Could you retype exactly the lines below between the one holding "(ハンバーグ、ポテト、スパゲティ―、からあげ、エビフライ、オムライス)" and the one holding "Oh WOW!!!! What", inclusive, leaving out any pictures?

+++ Material for the task

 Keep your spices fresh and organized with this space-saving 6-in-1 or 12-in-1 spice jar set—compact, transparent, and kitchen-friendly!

++++++
+++ Material for the task

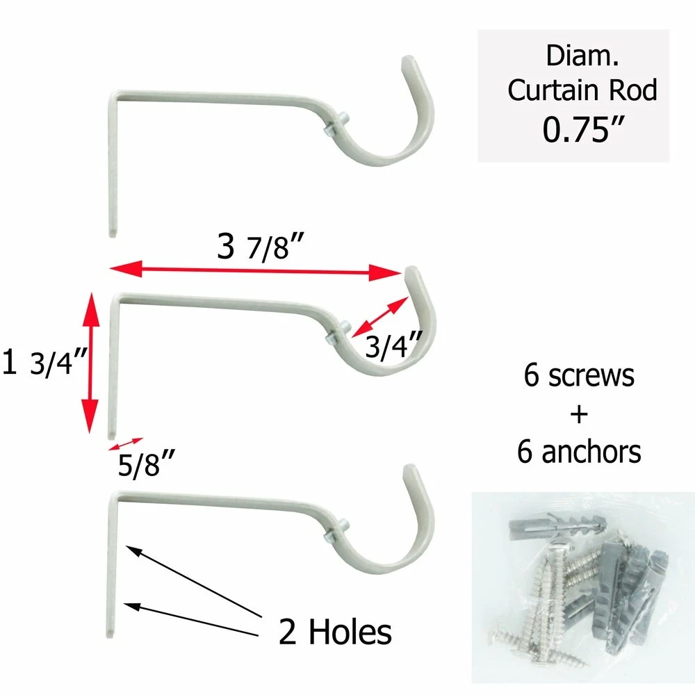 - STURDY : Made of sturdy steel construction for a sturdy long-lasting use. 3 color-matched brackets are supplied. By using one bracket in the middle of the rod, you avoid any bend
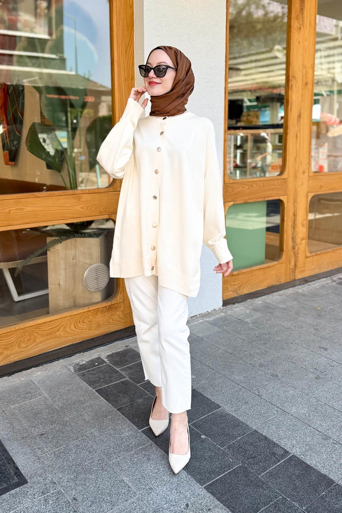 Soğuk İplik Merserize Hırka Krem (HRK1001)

++++++
+++ Material for the task

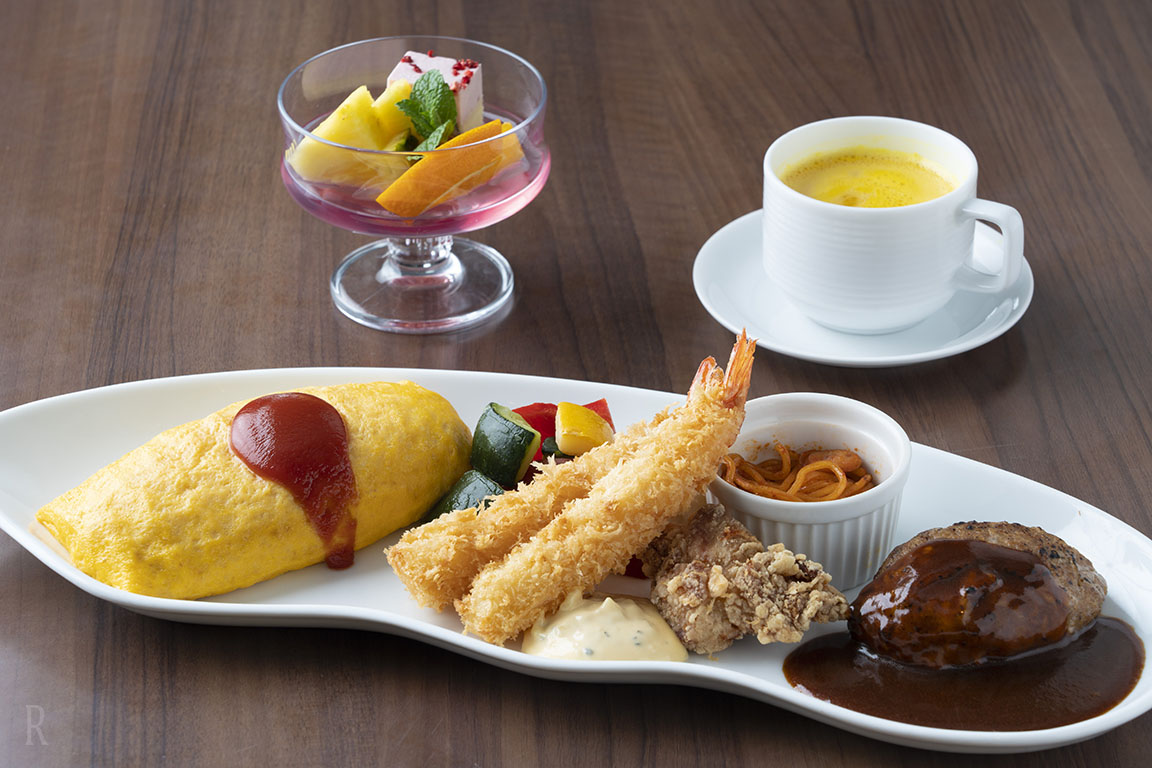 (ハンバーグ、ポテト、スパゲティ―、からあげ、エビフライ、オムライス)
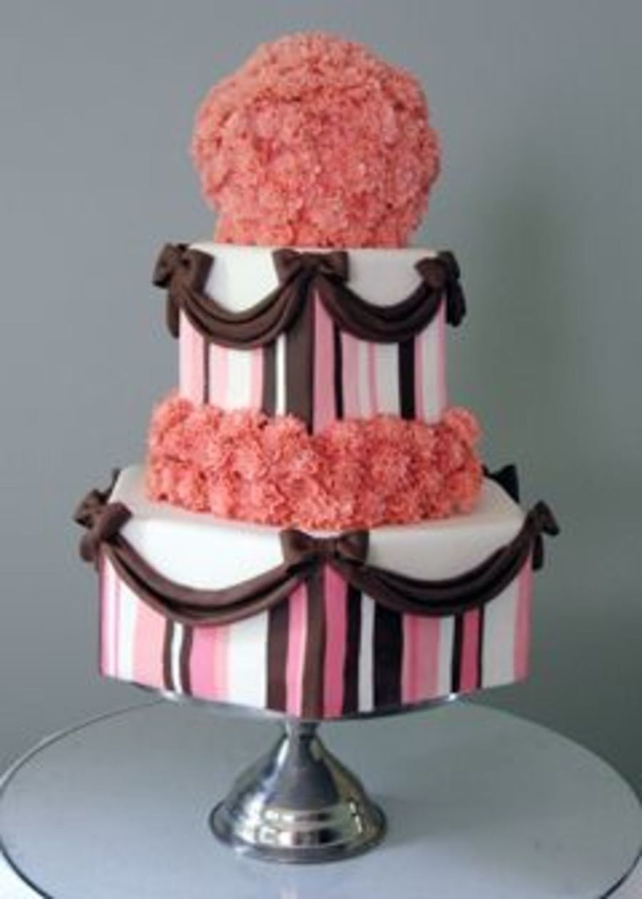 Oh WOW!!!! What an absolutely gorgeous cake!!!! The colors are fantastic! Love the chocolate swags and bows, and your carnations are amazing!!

++++++

> [Written answer]
 (ハンバーグ、ポテト、スパゲティ―、からあげ、エビフライ、オムライス)
 Oh WOW!!!! What an absolutely gorgeous cake!!!! The colors are fantastic! Love the chocolate swags and bows, and your carnations are amazing!!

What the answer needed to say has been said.